Either way, it seems clear: The only size that's stored is probably the uncompressed size, and it's right there in the header; looks like this is a variant of LZ with no end-marker in the stream too, and sliding-dictionary only. To get the compressed size to see if you're over available space or not, you're going to have to keep track of it as you (de)compress.
There any particular reason your site seems to have the files in no particular order? It looks like actually finding the dialogue for 17bcb2c on it would be a matter of looking through all the pages by hand...? How would I find it to see what I'm looking at?
Also, it's possible they take the first line's print opcode as implied and put the first portrait/etc after, maybe, though I have to wonder if there's something funky going on there in the case of plot dialogue that starts with character movement instead of a print.

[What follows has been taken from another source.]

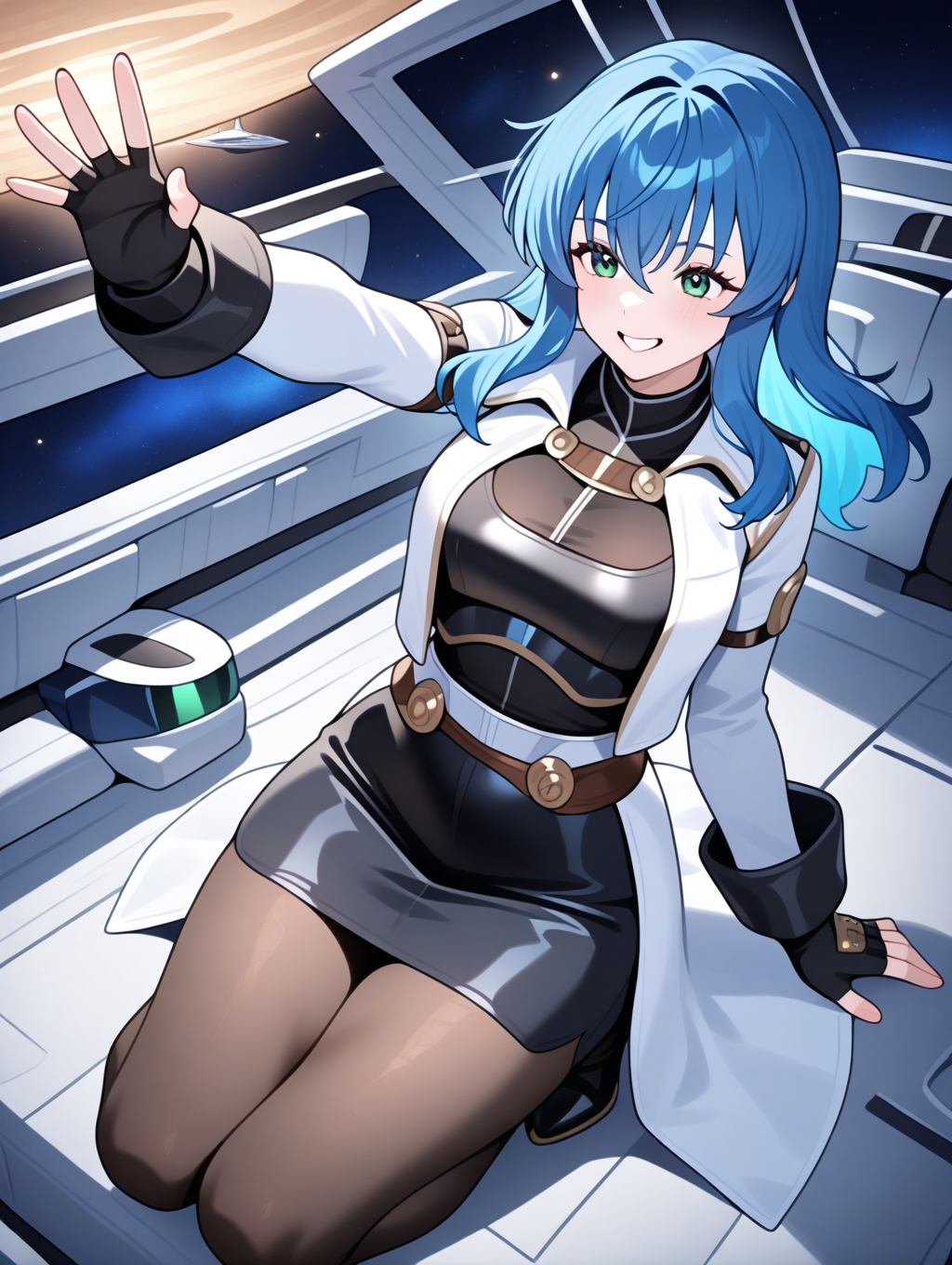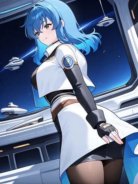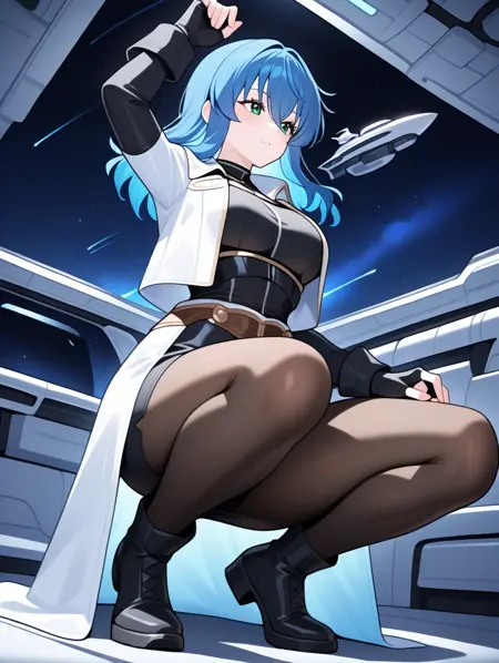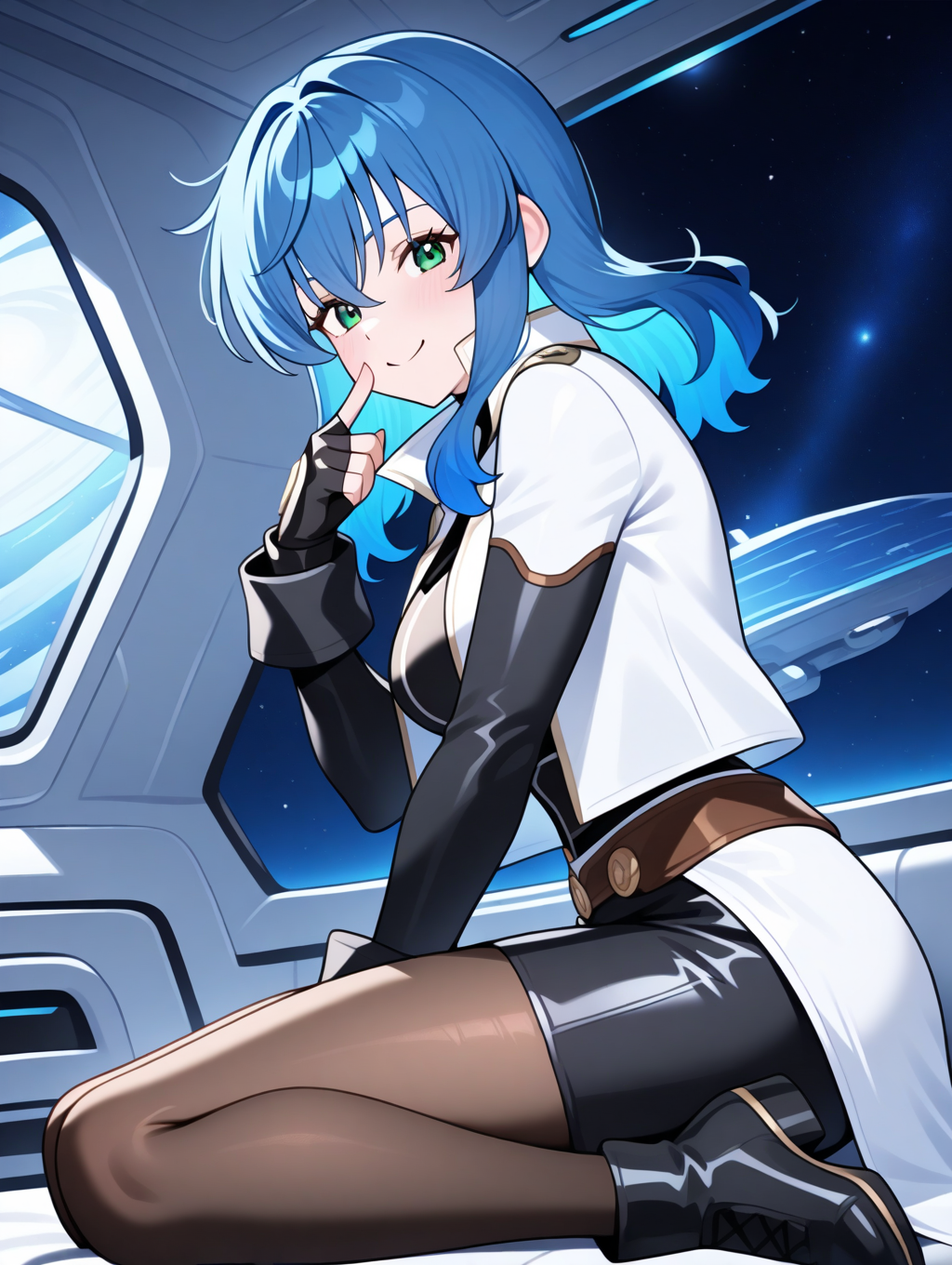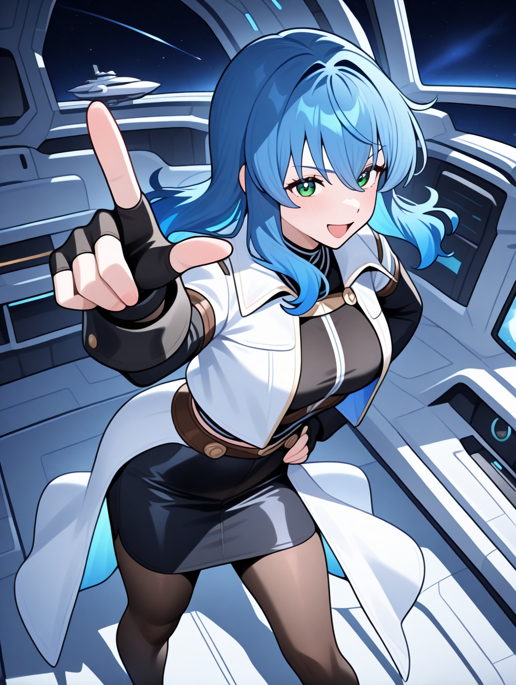 提示示例:maria,solo,green eyes,fingerless gloves,blue hair,open jacket,black pencil skirt,pantyhose,black shirt,black long sleeves,separate white coat,breasts plate,space ship,indoors,

Stuff like the first PC-Murno scene would have to have opcodes in there for the relevant animations, presumably.
Using VBA's memory viewer, I was able to confirm that 'first' block gets loaded at 0x097BCB2C in memory, which if the above is correct, means next block at 0x097BD14C, compressed size of the 2C block: probably 620h, including header; pretty good compression, but quite believable. It's also looking oddly like headers are always 16-byte (or possibly even 32-byte) aligned with a 12-byte offset, which may mean something (either they want the bit after the first 4 bytes paragraph-aligned, or there may be 12 or 28 more bytes of header before each block.
Figuring the remaining details out may help with figuring out where they stashed the pointers to these things, since we need to know which exact byte they're going to be pointing TO.
A link to some good clean C source code that handles the relevant decompression would be really nice if you have anything like that, BTW.